La création des Services sociaux des quartiers à Schaerbeek et Saint-Josse-ten-Noode
Quand Marie-Christine Renson évoque son engagement au sein des Services sociaux des quartiers 1030, elle parle d’un « concours de circonstances positives ». Pour comprendre l’émergence de cette asbl, il faut faire appel au contexte de production des mesures législatives relatives à l’aide sociale.[18] En 1974, à l’heure du vote de la loi sur les Centres publics d’aide sociale (CPAS) qui réforme l’assistance[19], certains parlementaires du Parti social-chrétien (PSC) et du Christelijke volkspartij (CVP) craignent, avec la définition de missions des CPAS, pour la survie des services sociaux privés qui se sont particulièrement développés depuis la Seconde Guerre mondiale, notamment sous l’impulsion des milieux chrétiens. Ils conditionnent le vote de la loi sur les CPAS à l’adoption d’une loi visant à subventionner, au moins en partie, ces services sociaux privés (arrêté royal du Ministère de la Santé publique et de la Famille du 13 juin 1974). C’est pour obtenir cette reconnaissance que Paul Lauwers[20], doyen à Schaerbeek, a l’intuition de regrouper tous ces services paroissiaux, basés jusqu’alors sur le bénévolat en une seule asbl. Les subsides publics permettent d’engager des assistantes sociales. Il manque alors un troisième temps plein pour compléter une équipe qui ne se connait pas, mais qui a été formée pour obtenir la reconnaissance. Pierre Massart souffle le nom de Marie-Christine Renson. « Je suis arrivée là par hasard, pas par conviction », rappelle-t-elle. Les Services sociaux des quartiers 1030 sont nés en 1974. La même année, l’institution est reconnue et subsidiée comme « Centre de service social ».

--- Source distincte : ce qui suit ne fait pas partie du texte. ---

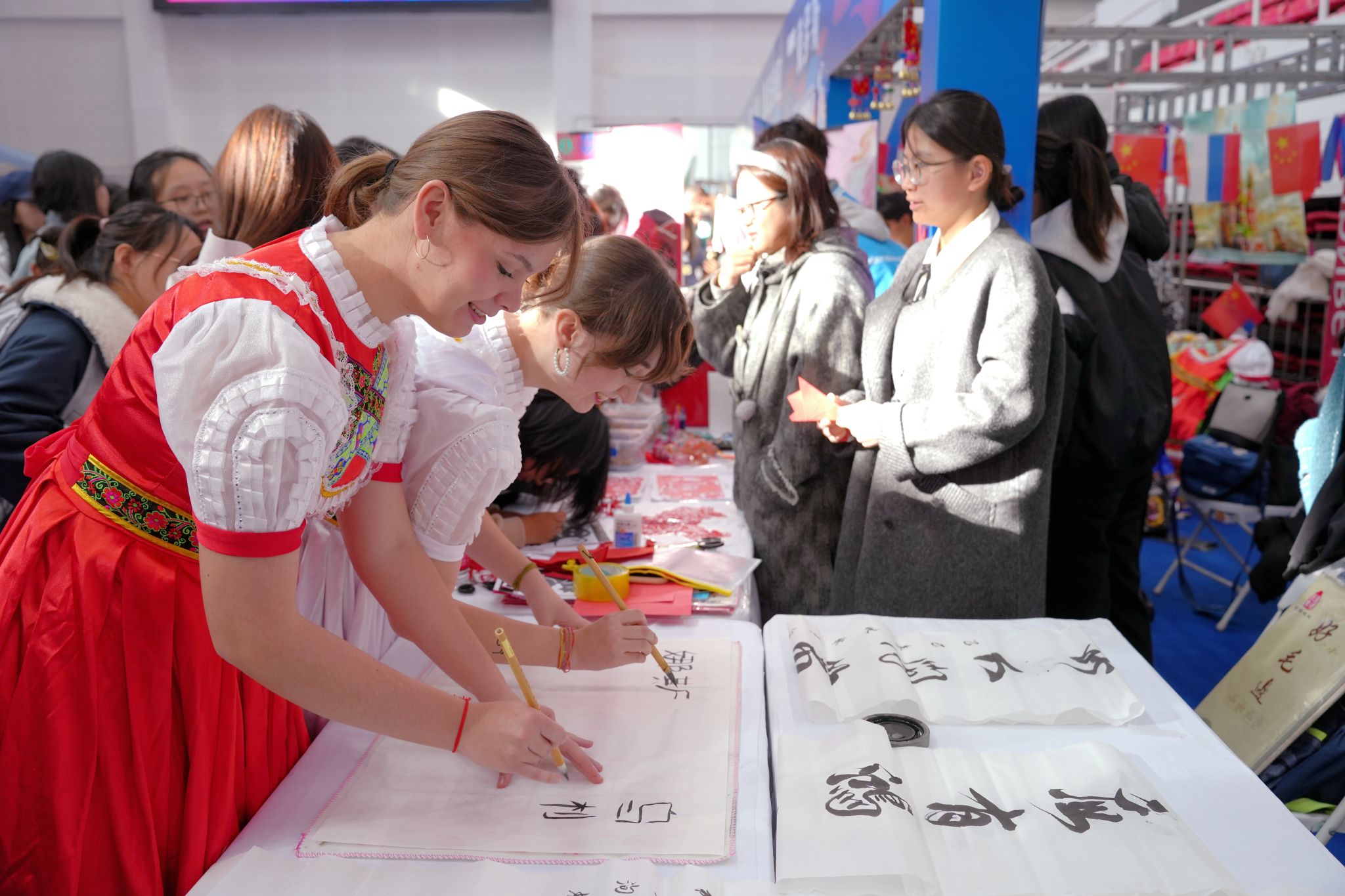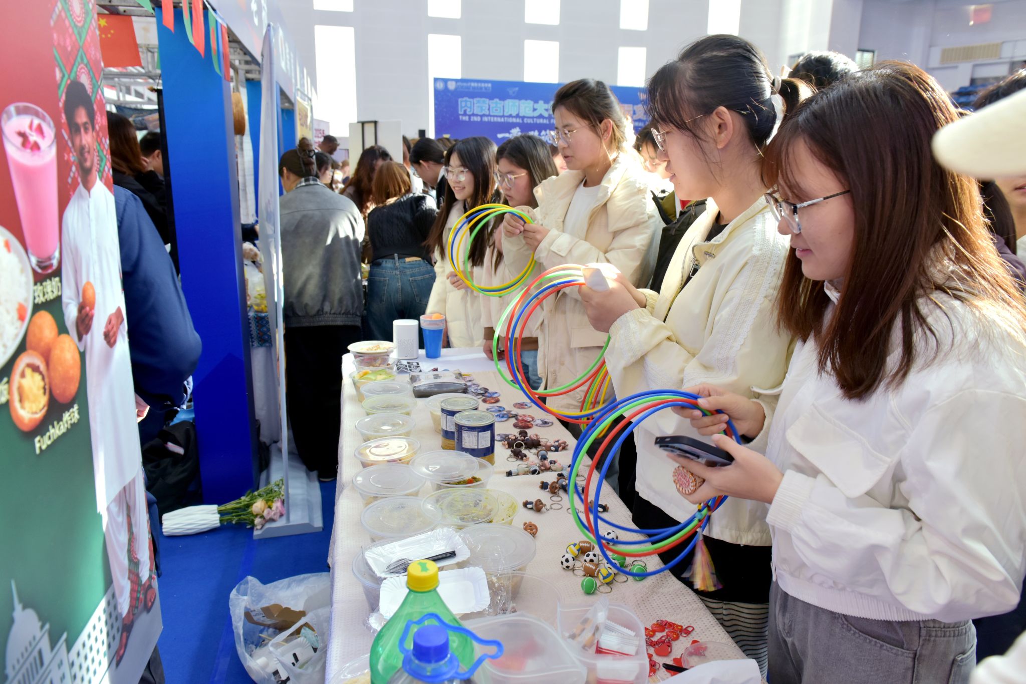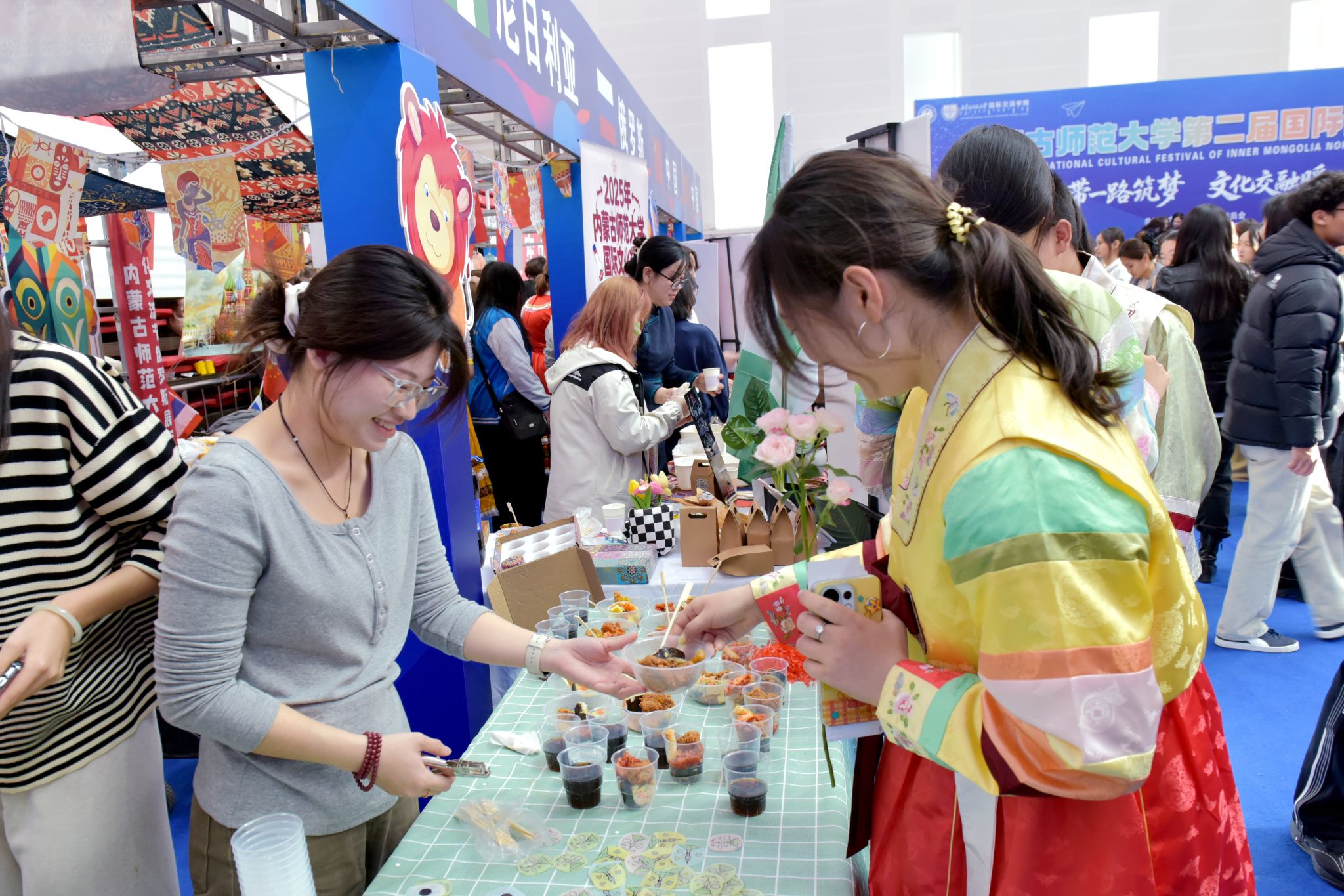活动现场,各国文化展区异彩纷呈。来自不同国家的学生通过特色工艺品、传统服饰、图片资料及地道美食,展示各自文化的独特魅力。巴基斯坦香米饭、哈萨克斯坦马肠、老挝青木瓜沙拉等美食备受青睐;中国剪纸、书法体验、香包制作、民族服饰试穿等传统文化也吸引众多师生参与。大家在亲身体验中增进理解,在交流互动中深化友谊。
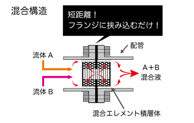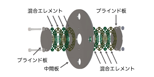 積層混合エレメントにより無数に分流と合流を繰り返す複雑な流路を形成し、効率の良い高い混合能力を発揮します。

Albert Martens, sociologue à l’Université de Louvain (KULeuven) et habitant du quartier, est membre du comité d’action du Quartier Nord (1968-1974) ; il accepte de présider le conseil d’administration de la nouvelle structure. Il impulse d’emblée « une vision positive du travail social » et un « esprit de cogestion ». Celui-ci est formalisé dans la rédaction d’une charte (1975), dans laquelle on peut lire : « L’asbl reconnaît au groupe des travailleurs sociaux, impliqués quotidiennement dans une pratique qui dicte leur travail, la faculté de déterminer ces priorités d’action, avec l’appui « technique » du conseil d’administration ayant du recul et d’autres acquis »[21]. Marie-Christine Renson raconte les débuts : « Au départ, c’était très théorique parce qu’on se connaissait très mal, on n’avait aucune pratique pour travailler ensemble, et on venait d’horizons différents [paroisses, écoles, service social de logement[22]]. (…) On a dû apprendre à se connaître et à travailler ensemble. (…) J’ai été marquée par le mouvement de travail social communautaire, qui nous a pas mal interpellés pour qu’on construise un projet qui sorte de l’assistanat, qui s’inscrive plus dans des actions sociales, collectives, communautaires, émancipatrices. C’était le leitmotiv complet, mais (…) il a fallu quand même beaucoup de temps pour que le projet devienne un projet de tout le monde, que [tout le monde] se l’approprie ».